As such:
Let $a(x)=x^4+1\in\mathbb{Q}\left[x\right]$. Then choose any prime $p$. By Eisenstein's Criterion, we see that $p\nmid 1$, $p\mid 0$ (since all coefficients of intermediate terms are 0), and $p^2\nmid 1$. Thus we conclude that $a(x)$ is not reducible in $\mathbb{Q}$.
Is this valid, or am I making some glaring omission?
My professor used the Rational Root Theorem, but it turned out to be a much longer process (with all of the testing for possible roots).

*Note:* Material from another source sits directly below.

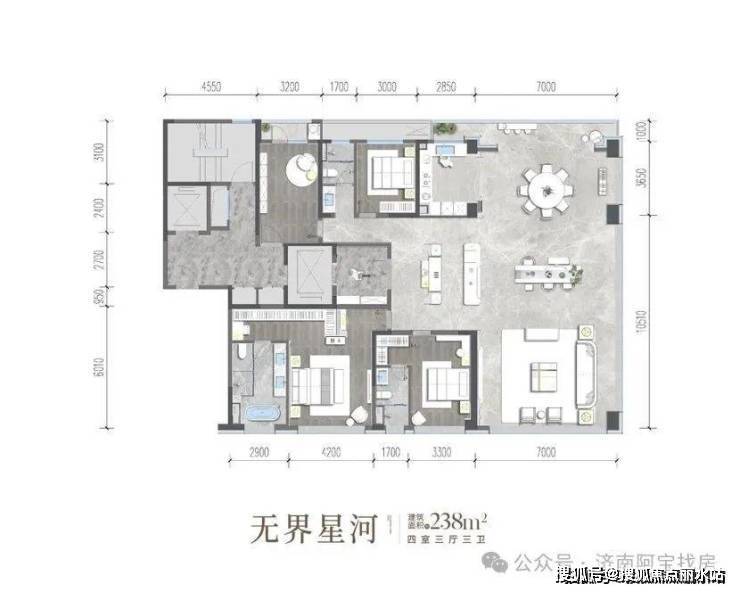 建面约238㎡| 无界星河| 四室三厅三卫私享约7㎡艺术电梯前厅+双玄关,双动线归家系统,中西厨+岛台洄游动线北向约9m生活阳台,约40㎡总统级套房主卧,三分离卫浴&独立衣帽间,搭配约3.2m全景落地窗,约100%私享率,LDKG一体化设计,东向约11.5m落地观景窗&南向约7m奢阔开间,270°IMAX环幕视野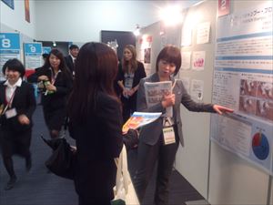 今回、同社の三橋郁美さんが発表したテーマは『パンフェノンシャンプー・プロテハート(抗酸化作用)における皮膚炎に対する効果』。動物病院でもトリミング・サロンでも扱うことの多い皮膚疾患の臨床データ発表とあって、熱心な獣医師の先生や看護士さんの質問もあり注目を集めていました。

Edit -- since I have to have $p \mid 1$, I tried a different method, and substituted $x=\bar{x}+1$. Then $x^4+1=\bar x^4+4\bar x^3 + 6\bar x^2 + 4\bar x + 2$, and chose $p=2$. Then, I believe, it meets the criterion. Is this correct?
For applying Eisenstein on a polynomial $P = a_n x^n+ ... + a_1 x + a_0$ you should have $p | a_k \forall k <n$ and $p^2 \not|a_0 $ and $p\not| a_n$.
But in your case $P(X) = X^4+1$. But you can apply Eisenstein if you substitute $X = Y+1$. Then
$$P(X) = Y^4+4Y^3+6Y+4Y+2$$ and you can use $p=2$.